Agresywny pies

Witam. Moja suczka ma 2 lata. Jest mieszańcem, matka: labrador, ojciec: nieznany. Od początku była nieufna, już jako szczeniak uciekała przed obcymi ludźmi, agresywnie zachowując się, gdy chcieli się zbliżyć. Obecnie praktycznie ma dwa domy. W związku z moją obecną pracą, większość dnia spędza w domu moich rodziców. W ostatnich dniach zaczęła się agresywnie zachowywać w stosunku do mnie. Podobne zachowanie miało już miejsce w przeszłości, ale mam wrażenie, że nie aż tak złe i krócej trwało.
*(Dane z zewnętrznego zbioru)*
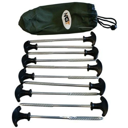 A pack of 10 * 8 inch bivvy pegs (20cm) in a bag.
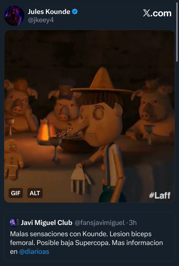 記者Javi Miguel社媒表示,孔德的傷情令人擔(dān)憂,初步診斷為股二頭肌受傷,可能缺席西班牙超級杯。
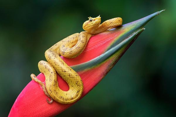 La oropel, una de las serpientes más venenosas del país, destaca de entre la vegetación por sus vivos colores; rasgo que intentamos resaltar en esta imagen.
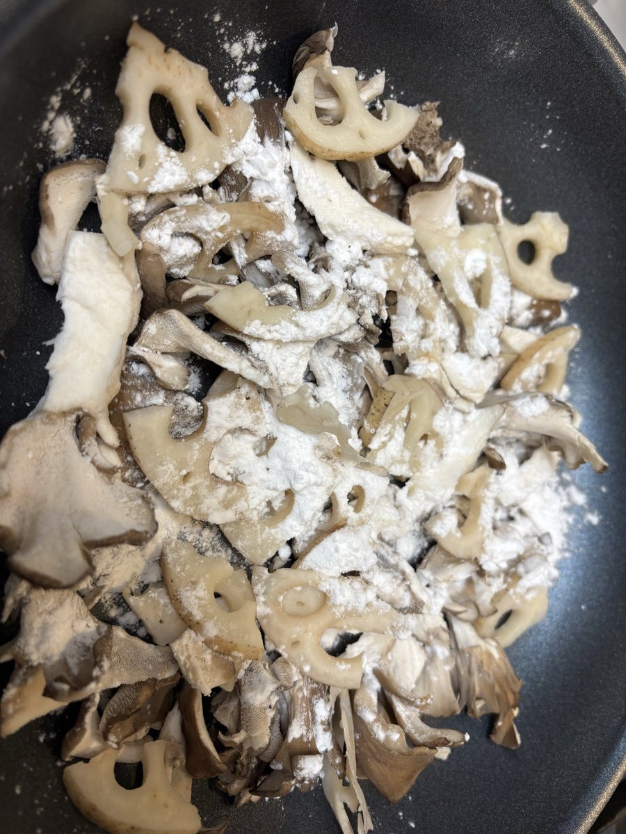 おはよ🍀*゜ #71105おは戦🌊DY 豚と濃い濃い舞茸の手焼き ほっくりさつまいもの大学いも風 美味しかったのだけど いつもの おうちでもう一回の レシピがなく残念😭 フライパンに舞茸とレンコンを入れて片栗粉をまぶすのは 意外なやり方だった あとから油を足して 強火で揚げ焼きにする pic.x.com/rN8mC4sbHe
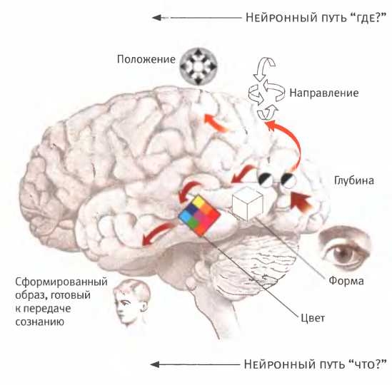 Бессознательные конвейеры конструируют из видимых нами деталей распознаваемые образы. Отдельный проводящий путь отвечает за определение положения наблюдаемого объекта в пространстве.
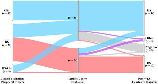Diagnostic yield and disease reclassification. Patients are initially classified based on the clinical suspicion raised by referring physicians (left node). The clinical diagnosis was reframed during pre-WES consultation (middle node). All the patients underwent genetic testing with WES that allowed us to confirm or reclassify the clinical diagnosis (right node). GS, Gitelman syndrome; BS, Bartter syndrome; Other: genetic diagnosis outside BS and GS; Negative: patients without pathogenic variants.
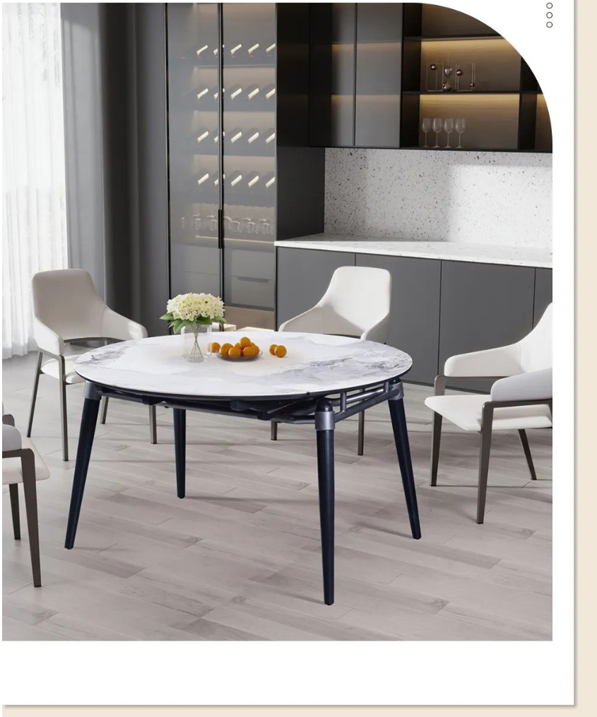 户型餐桌要怎么选才能既省空间又不失美感?MSN2206可伸缩餐桌,简直是小户型的福音!可拉伸的设计,让它可以根据不同场景变换不同的形态,用餐人少时方桌占地少,人多时只需将两侧的半月板拉出,秒变大气圆桌,再多的美味佳肴也放得下!台面选用了香奈儿岩板,纹理写意,淡雅素净;同时,它还具备耐刮磨、耐高温、高密度、食品级别安全等优点,高颜值性能出众。木质导轨质感十足,推拉静音无卡顿,而且还会越用越顺滑;同时桌脚采用了八字斜角设计,视觉上美观通透,日常满足餐椅收纳,打扫卫生也很省心。就餐想要更有仪式感,那就少不了米奢这款雅致餐椅。环抱舒适靠背和宽大海绵座包,落座更惬意,吃饭也更香了!这样舒适与自在的餐厅,真的很难不心动!

Pies na co dzień daje mi się głaskać, słucha moich komend, zna swoje miejsce, co jakiś czas jednak wpada jakby w jakiś trans i zaczyna traktować mnie jak obcą osobę. Patrzy podejrzliwie, kuli ogon, pokazuje zęby, gdy wyciągam ku niemu dłoń, warczy, rzuca się z wściekłością na kołdrę, która jest w pobliżu, nie reaguje wtedy ani na stanowcze: "spokój" itp, ani na spokojne mówienie, a wszelki mój ruch bywa postrzegany jako zagrożenie dla niej, dlatego napotykam się z jeszcze większą agresja z jej strony. . Ostatnio nawet mnie ugryzła, zostawiając na moim kciuku 6 dziur od zębów. . Sytuacja ta miała miejsce w nocy. Choć ma swoje posłanie, zdarza jej się w nocy wskoczyć w moje nogi na łóżko, kiedy się przekręcam, ona się denerwuje i reaguje agresywnie. Kiedy ten stan się zacznie ciężko ją z niego wyprowadzić i potem trwa nawet kilka dni, choć zdarza się, że zanika, bo pies sam podchodzi, żeby pogłaskać go czy zjeść coś z ręki, po czym na nowo warczy i szczerzy kły. . Z tego stanu wyprowadza ją przyjście mojej mamy. Wtedy pies momentalnie zmienia się w radosnego, grzecznego, pragnącego pieszczot szczeniaka - także do mnie podchodzi wtedy, merda ogonem, itp. Ja nie jestem w stanie w tych chwilach nad nią sama zapanować, gdyż ona potrzebuje wtedy takiego bodźca. Zwykle bawi się ze mną, jest ufna, ale tego sytuacje przerażają mnie. Boję się, że następnym razem może ugryźć policzek czy większą krzywdę zrobić niż zranić dłoń. To silny pies. Mam wrażenie, ze wpada w ten trans, kiedy jest poddenerwowana, ale ciężko wyczuć, kiedy to nastąpi, a przecież niemożliwością jest, żeby pies atakował właściciela. Proszę o radę.

Odpowiedź

Proszę Pani: z tytułu opisanych objawów i ze względu na Państwa bezpieczeństwo konieczne i bezwzględne jest skontaktowanie się z doświadczonym zoopsychologiem w pobliżu Państwa miejsca zamieszkania.
Prawdopodobnie oprócz rutynowych czynności wskazane będzie także wykluczenie zaburzeń o podłożu choroby neurologicznej - ale to powinien stwierdzić psycholog zwierząt w trakcie osobistej konsultacji i oceny stanu psychofizycznego zwierzęcia.